Ambas posturas son defendibles. La razón del banco es la productividad de hoy; la de la escuela, que las destrezas cognitivas básicas, una vez perdidas, no vuelven. Pero sin un puente entre ambas el resultado es este: en lugar de una generación que aprende a usar la IA después de aprender a pensar, una que aprende las dos cosas a la vez y de cualquier manera.
Lo que las cifras no dicen
Las cifras de estas tres historias piden lectura cuidadosa. "40.000 personas en Nairobi" es una estimación de los investigadores para el periodo álgido; en un sector informal el recuento exacto es imposible de todos modos. El "200.000 empleos bancarios en cinco años" de Morgan Stanley es una proyección de analistas: una expectativa de un modelo, no una pérdida ocurrida.
La diferencia importa: la primera es una medida aproximada de algo que pasó; la segunda, un pronóstico de algo que se supone que pasará. Usarlas en la misma frase da a la pérdida real y a la predicción la misma certeza. Ese es el error más común en este tipo de coberturas.
Los 600.000 de Nueva York es la más sólida de las tres, porque es una medida administrativa de alcance: el número de alumnos en los cursos afectados. Pero tampoco mide un efecto, solo el tamaño de la decisión. Lo que medirá el efecto es el informe previsto para abril de 2027.
Qué hacer en la práctica
Direcciones concretas desde los tres frentes:
- Descompón tu trabajo en tareas. "¿Sobrevivirá mi profesión?" no tiene respuesta; "¿qué seis horas de mi semana producen un resultado codificable?" sí.
- Aléjate del trabajo pagado por volumen. Lo borrado en Nairobi era trabajo facturado por texto. Lo que queda es el trabajo con responsabilidad.
- Aprende la destreza básica antes que la herramienta. Aprender a usar la herramienta lleva semanas; aprender a juzgar su salida, años.

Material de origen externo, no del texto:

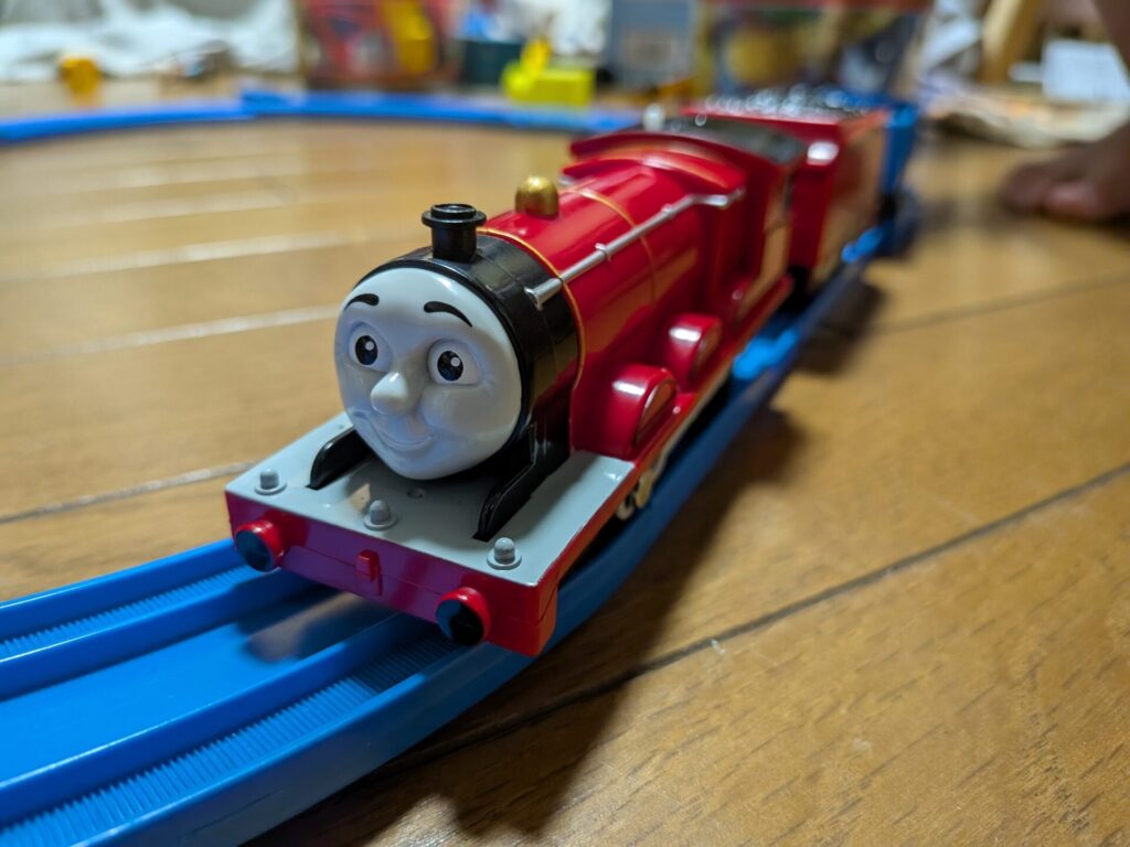 今回は幼稚園入園を控える3歳半の息子に、タカラトミー 『 プラレール トーマス OT-03 おしゃべりジェームス えいごプラス 』をみにぱぱがAmazonで購入。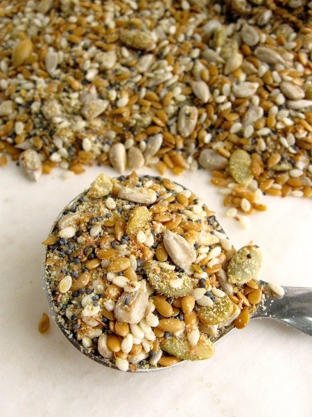 If you don’t have a scale, simply mix equal parts, by volume, of the first five seeds; and about half as much of each of the final three ingredients. Store in an airtight container, preferably in the refrigerator.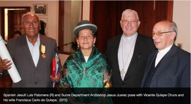 The head of the Bolivian Episcopal Conference (CEB), Ricardo Centellas, told media outlets that Quispe was very surprised when he learned that the pontiff had awarded him the “Pro Ecclesia et Pontifice” decoration for his work.
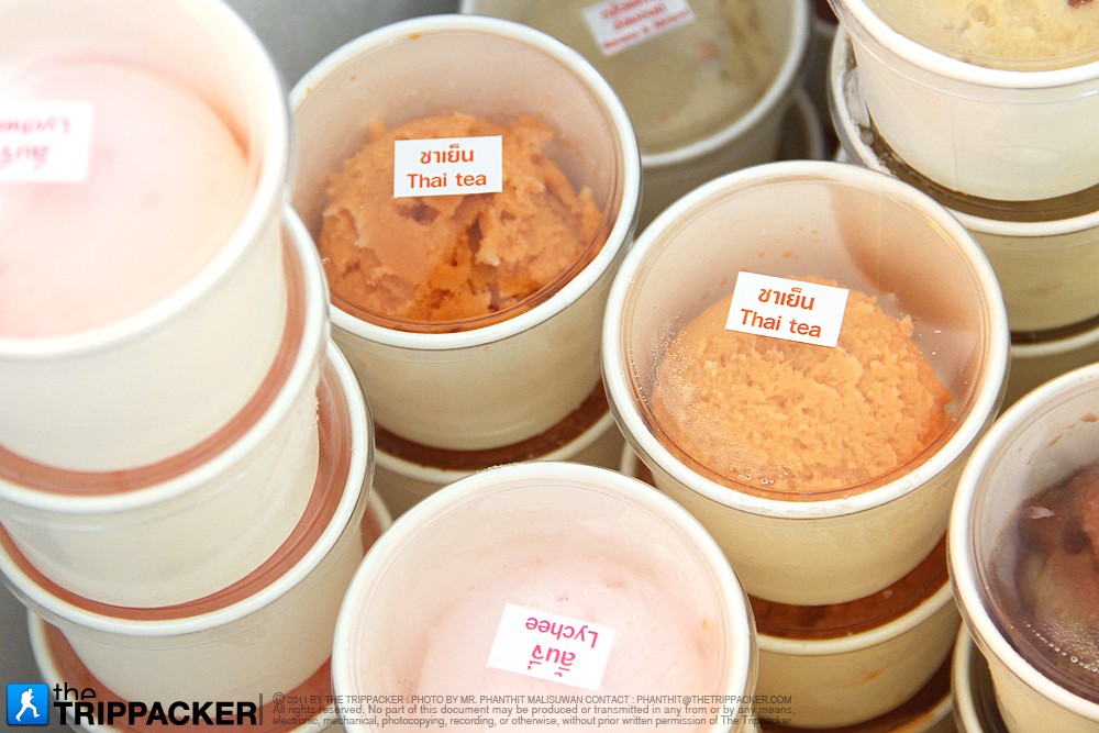 สำหรับ ใครที่ชื่นชอบขนมหวานแบบไทยๆ อย่างทับทิมกรอบ ต้องยกให้ร้านนี้เลย “ทับทิมกรอบเจ๊อ้วน” ที่ตัวทับทิมสีชมพูสวยทั้งเม็ดโตทั้งกรุบกรอบเต็มปากเต็มคำ มาในน้ำกะทิหวานมันกำลังดี ถ้าจะให้ครบสูตรต้องเพิ่มมะพร้าวกะทิเนื้อนุ่มลงไปด้วย รับรองอร่อยจนลืมอ้วนไปเลย แต่ถ้าใครอยากกินน้ำแข็งไสแบบอื่นๆ ที่ร้านนี้ก็มีเครื่องให้เลือกมากมาย ทั้งสลิ่ม รวมมิตร ลูกตาล แห้ว และแปะก๊วย ชอบกินอะไรเป็นพิเศษก็สั่งเพิ่มไปได้เลย สำหรับดีกรีความอร่อยนั้นแค่เห็นป้ายการันตีจากเชลล์ชวนชิมก็รู้แล้วว่าเด็ด แค่ไหน ที่สำคัญร้านนี้เปิดขายตั้งแต่กลางวันไปจนถึงค่ำ ดังนั้นถ้านึกอยากกินทับทิมกรอบหวานๆ เย็นๆ ขึ้นมาตอนไหนก็มากันได้เลย
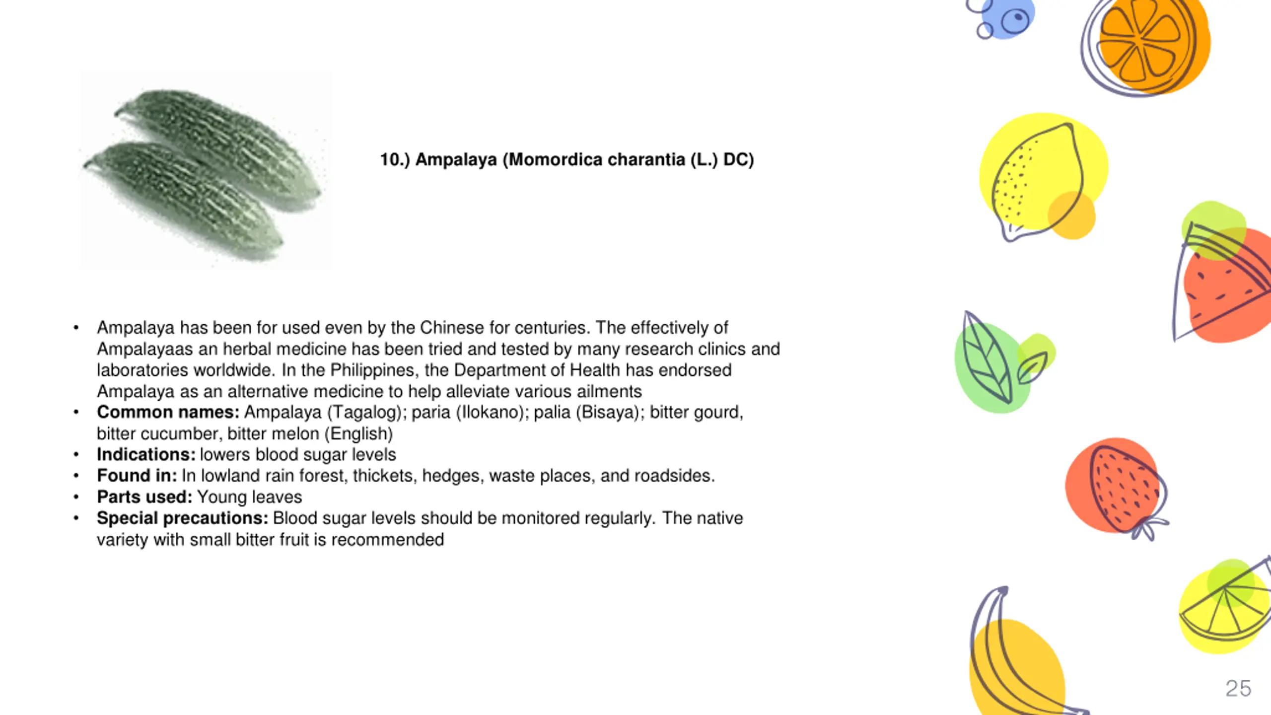 Ampalaya (Momordica charantia (L.) DC) 10.) Ampalaya (Momordica charantia (L.) DC) Ampalaya has been for used even by the Chinese for centuries. The effectively of Ampalayaas an herbal medicine has been tried and tested by many research clinics and laboratories worldwide. In the Philippines, the Department of Health has endorsed Ampalaya as an alternative medicine to help alleviate various ailments Common names: Ampalaya (Tagalog); paria (Ilokano); palia (Bisaya); bitter gourd, bitter cucumber, bitter melon (English) Indications: lowers blood sugar levels Found in: In lowland rain forest, thickets, hedges, waste places, and roadsides. Parts used: Young leaves Special precautions: Blood sugar levels should be monitored regularly. The native variety with small bitter fruit is recommended 25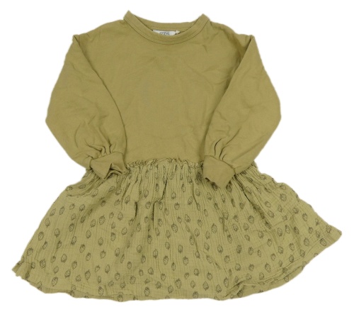 Khaki teplákové šaty s mušelínovou sukní a jahodami

- Para quien contrata: exigir competencias en IA es fácil, medirlas es difícil. "¿Cómo la usas?" separa al candidato que enumera herramientas del que audita resultados solo si el segundo puede dar un ejemplo concreto de un error que detectó.
- Para las familias: el tercer camino entre prohibir y permitir es un acuerdo donde el uso se habla abiertamente. Que Nueva York permita a los docentes usar IA para preparar pero no para calificar traza exactamente esa línea.
En resumen
La advertencia de Teresios Bundi desde Nairobi resume los tres frentes: "La IA viene a por los banqueros, viene a por los contables, viene a por los ingenieros y vendrá a por los arquitectos. Viene a por todos".
El profesor de Oxford Mark Graham espera trastornos parecidos en todo el mundo. Pero la lección real del caso de Nairobi no es la velocidad sino el orden: primero se fue el trabajo de volumen, después se estrechó el escalón de entrada que lo alimentaba y al final quedó un empleo que limpia la salida del modelo. Ese orden vuelve más importante que nunca saber en qué escalón está uno.